Here's a picture of the assembly.
The gears are some kind of nylon-like plastic. I had to enlarge the holes in the gears, which is hard to do if you have to drill a 12 mm hole. The hole has to be in the middle otherwise the gears will wobble. I failed. So I had to fix it. I modified a washer to hold the gear on the yoke rod centered. The hole for the potentiometer axis was made just a little too small so it does not need additional fastening.
This shows the gear wheel and the tapered washer to keep the gear wheel centered.
This is the guidance bar. The notches are where the roll spring is attached. To let it run smoothly I used 3 small ball bearings (not visible). Two to prevent it from moving along with the roll of the yoke. These are adjusted so there is no play but no extra friction either. The guidance bar does not need lubrication but needs to be clean. The third ball bearing is used to counteract the pull of the pitch springs. That one is just visible on the far side. It can be adjusted by turning the bolts on either side of the aluminium plate. The guidance bar needs to be exactly parallel to the yoke rod for it to work.
The completed yoke box. Rumble pad and toggle to momentary circuit board on the left. Game pad and a second toggle to momentary circuit board on the bottom on the right. The pitch spring set-up can be clearly seen. The pitch potentiometer sliding strip can also be seen.
So to make a long story short I used a real Piper yoke for my project. It was the most expensive part but well worth it. It had a tube fixed to it which had to go. I made a round wooden block to fill the hole and made sure it was a perfect fit. Attaching the threaded rod was a bit harder. I needed heavy duty washers to keep the wood from being crushed. The whole thing needs to be firmly tightened so it does not give way when under stress from the roll spring.
Shown here is the yoke with horn extension on the left horn. Also the telephone type cables which provide the connections for the buttons on the yoke are visible. An external solution may not seem very tidy but it can be found on most real GA aircraft with buttons in the yoke.

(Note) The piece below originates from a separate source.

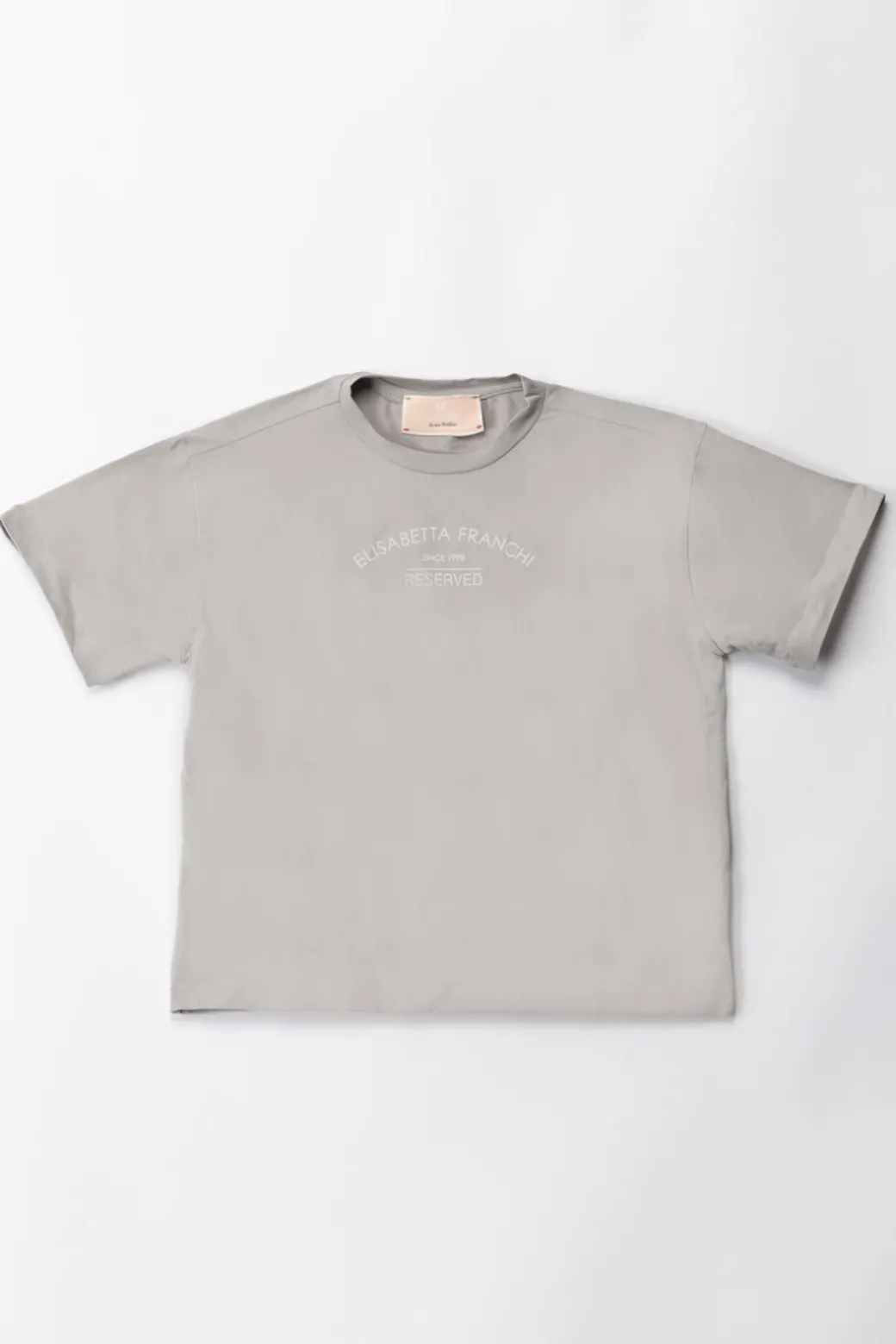 Una T-shirt Elisabetta Franchi Bambina dallo stile minimal impreziosito da una stampa logo lettering a contrasto, perfetta per esprimere personalità e originalità nel look quotidiano..

Shown here is the other side of the yoke. The washer is clearly visible. The connector is still on the telephone wire; I use it for easy disassembly or maintenance. The female type is installed in the box.
This was made from copper alloy sheet. I was kind of proud after finishing this. The hole in the front side is for the original push to talk button which I installed but it is not functional. On the top are holes for the a/p and f/d functions. The big hole is for the pitch trim.
The yoke after the completion, I would add the extra switches at a later stage.